AdamGleave comments on Following human norms

AdamGleave 1 Feb 2019 21:00 UTC
LW: 15 AF: 5
0
AF
I feel like there are three facets to “norms” v.s. values, which are bundled together in this post but which could in principle be decoupled. The first is representing what not to do versus what to do. This is reminiscent of the distinction between positive and negative rights, and indeed most societal norms (e.g. human rights) are negative, but not all (e.g. helping an injured person in the street is a positive right). If the goal is to prevent catastrophe, learning the ‘negative’ rights is probably more important, but it seems to me that most techniques developed could learn both kinds of norms.
Second, there is the aspect of norms being an incomplete representation of behaviour: they impose some constraints, but there is not a single “norm-optimal” policy (contrast with explicit reward maximization). This seems like the most salient thing from an AI standpoint, and as you point out this is an underexplored area.

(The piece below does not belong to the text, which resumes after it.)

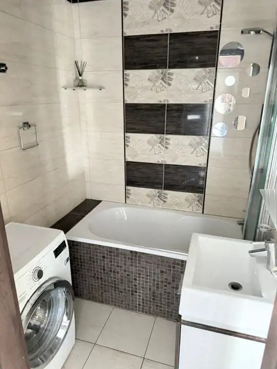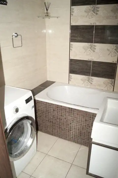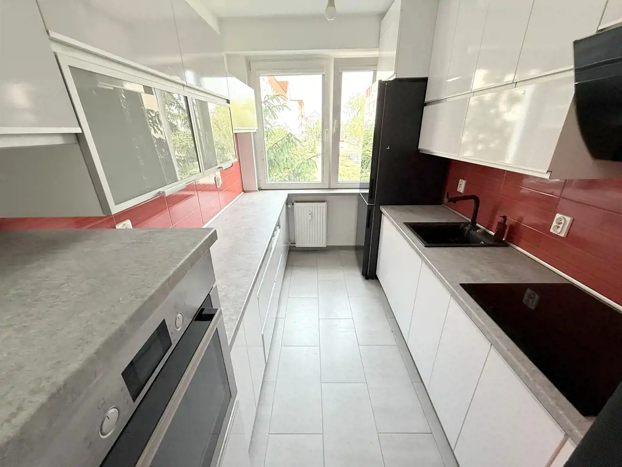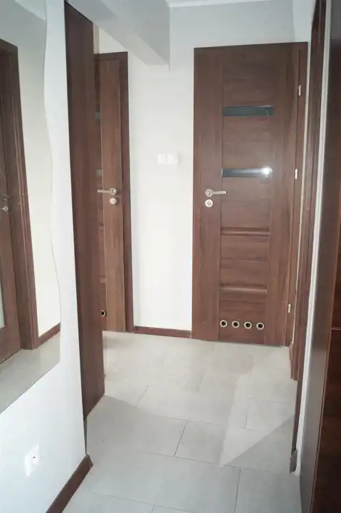 Kuchnia wyposażona w zabudowę kuchenną wraz ze sprzętem AGD(płytę indukcyjną, zmywarkę, lodówkę, okap oraz piekarnik). Łazienka wyposażona w wannę, umywalkę z szafką oraz pralkę. W WC- WC-kompaktowe . Na przedpokoju znajduje się duża szafa typu komandor oraz mniejsza szafa. Cały sprzęt AGD wliczony w cenę mieszkania.

Finally, there is the issue of norms being properties of groups of agents. One perspective on this is that humans are realising their values through constructing norms: e.g. if I want to drive safely, it is good to have a norm to drive on the left or right side of the road, even though I may not care which norm we establish. Learning norms directly therefore seems beneficial to neatly integrate into human society (it would be awkward if e.g. robots drive on the left and humans drive on the right). If we think the process of going from values to norms is both difficult and important for multi-agent cooperation, learning norms also lets us sidestep a potentially thorny problem.
What links here?
- [AN #72]: Alignment, robustness, methodology, and system building as research priorities for AI safety by Rohin Shah (6 Nov 2019 18:10 UTC; 26 points)

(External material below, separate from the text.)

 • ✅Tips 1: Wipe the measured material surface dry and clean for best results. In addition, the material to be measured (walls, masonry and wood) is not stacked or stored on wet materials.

- Rohin Shah 2 Feb 2019 18:52 UTC
  LW: 2 AF: 1
  0
  AF Parent
  Yeah, agreed with all of that, thanks for the comment. You could definitely try to figure out each of these things individually, eg. learning constraints that can be used with Constrained Policy Optimization is along the “what not to do” axis, and a lot of the multiagent RL work is looking at how we can get some norms to show up with decentralized training. But I feel a lot more optimistic about research that is trying to do all three things at once, because I think the three aspects do interact with each other. At least, the first two feel very tightly linked, though they probably can be separated from the multiagent setting.